The main characteristics of the detectors were presented in [6]. The
method used in the calculations was described in a previous work [7].
Here we will be concerned with the relevant geometrical parameters of
the arrangement as a whole and with the description of the calculation
procedure and program organization. To ease the understanding of the
reader, in Fig. 1 we present a schematic view of a test-case target/
detector configuration, in which a tilted film target is placed between
two sets of planar silicon strip detectors.
Method of solution:
The most reasonable way to avoid the problems described above and to
obtain the required data is the Monte Carlo (MC) simulation of the
two-particle photodisintegration events. The attempt to calculate
analytically the average dynamic coincidence solid angles leads to
ambiguities in the solutions and huge difficulties, which arise from
multiple integration over the spatial boundaries of the target and
detectors. The MC approach for the evaluation of dynamic coincidence
solid angles for a 2pi-detector arrangement is described in our
previous work [7]. The computer code OMEGA involves not only the
experimental setup geometry, but also the physical parameters of the
reaction and allows to obtain the average dynamic coincidence solid
angles in the CM system, even for complicated detector arrangements.
This method allowed the evaluation of the dynamic coincidence solid
angles for a 2pi-detector arrangement not only for large illuminated
area plane targets but also for 3D gaseous targets.
Typical running time:
Depends on the desirable statistical accuracy.
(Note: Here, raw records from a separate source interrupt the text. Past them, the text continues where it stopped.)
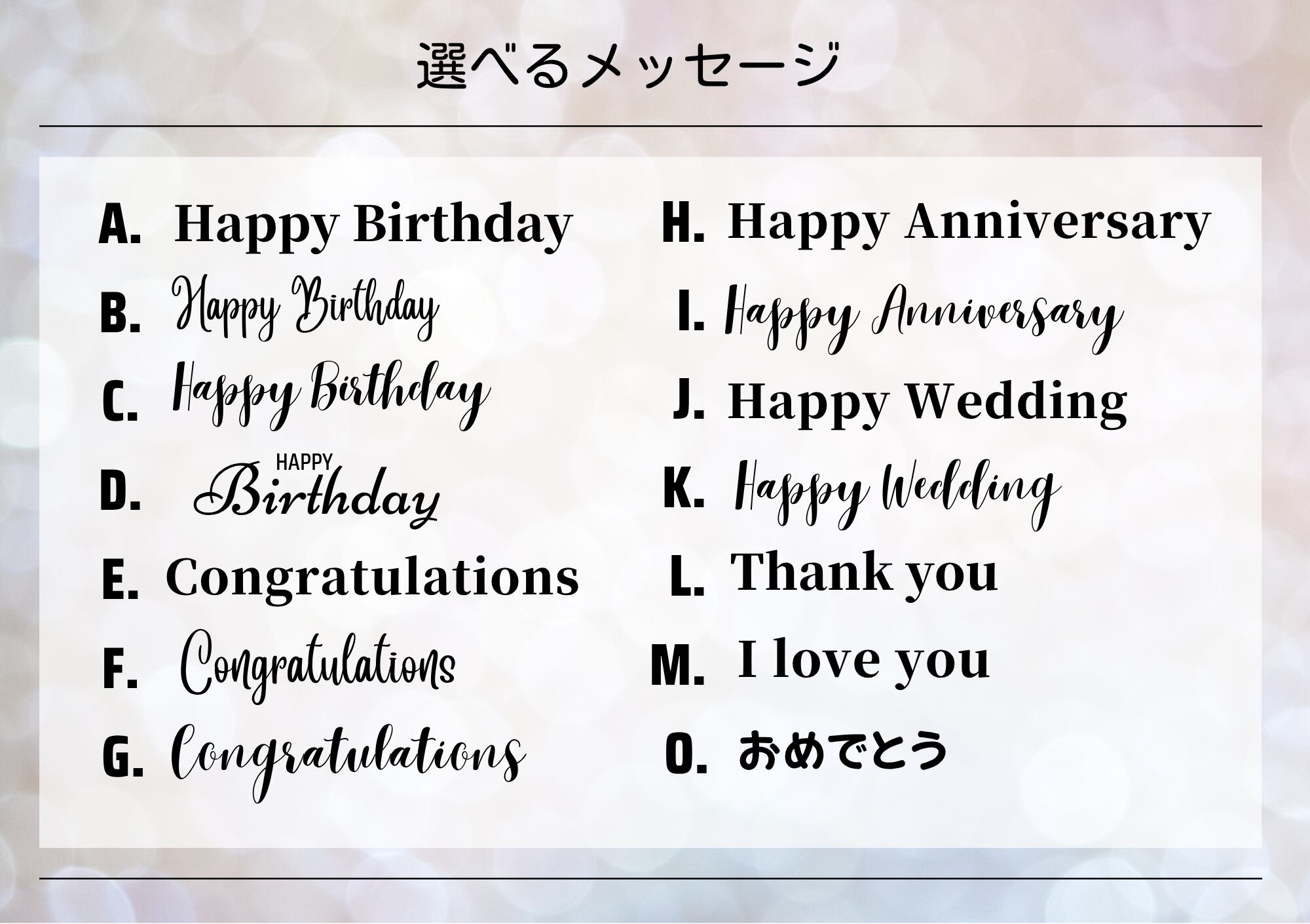 ※文字のフォントはお選びいただけません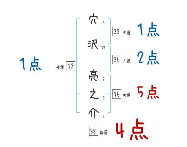 穴沢亮之介さんの画数の鑑定結果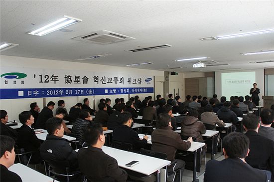 삼성전자가 17일 경기 수원 제일컨설팅 교육장에서 협력사의 경쟁력 강화를 위해 '2012년 협성회 혁신교류회 워크숍'을 개최했다. 한종수 삼성전자 협력사 경영자문단 상무가 협력사 대표들에게 2012년 협성회 혁신교류회의 활동을 설명하고 있다.<br />

For the example set of
initial parameters for beam, target and detector geometries, the running
time is approximately 10 seconds.
References:
[1] R.P. Gardner, K. Verghese, H.M. Lee, Nucl. Instr. and Meth. 176 (1980) 615. [2] R.P. Gardner, K. Verghese, Nucl. Instr. and Meth. 93 (1971) 163. [3] K. Verghese, R.M. Felder, R.P. Gardner, Nucl. Instr. and Meth. 101 (1972) 391. [4] M. Bellusci, R. Deleo, A. Pantaleo, A. Vox, Nucl. Instr. and Meth. 114 (1974) 145. [5] M.V. Green, R.L. Aamodt, G.S. Johnston, Nucl. Instr. and Meth. 117 (1974) 409. [6] V.P. Likhachev, J.F. Dias, M.-L. Yoneama, M.N. Martins, J.D.T. Arruda-Neto, C.C. Bueno, V. Perevertailo, O. Frolov, Nucl. Instr. and Meth. A 376 (1996) 455. [7] V.P. Likhachev, M.N. Martins, J.D.T. Arruda-Neto, C.C. Bueno, M. Damy de S. Santos, I.G. Evseev, J.A.C. Goncalves, O.A.M. Helene, S.A. Paschuk, H.R. Schelin, Nucl. Instr. and Meth. A 390 (1997) 251.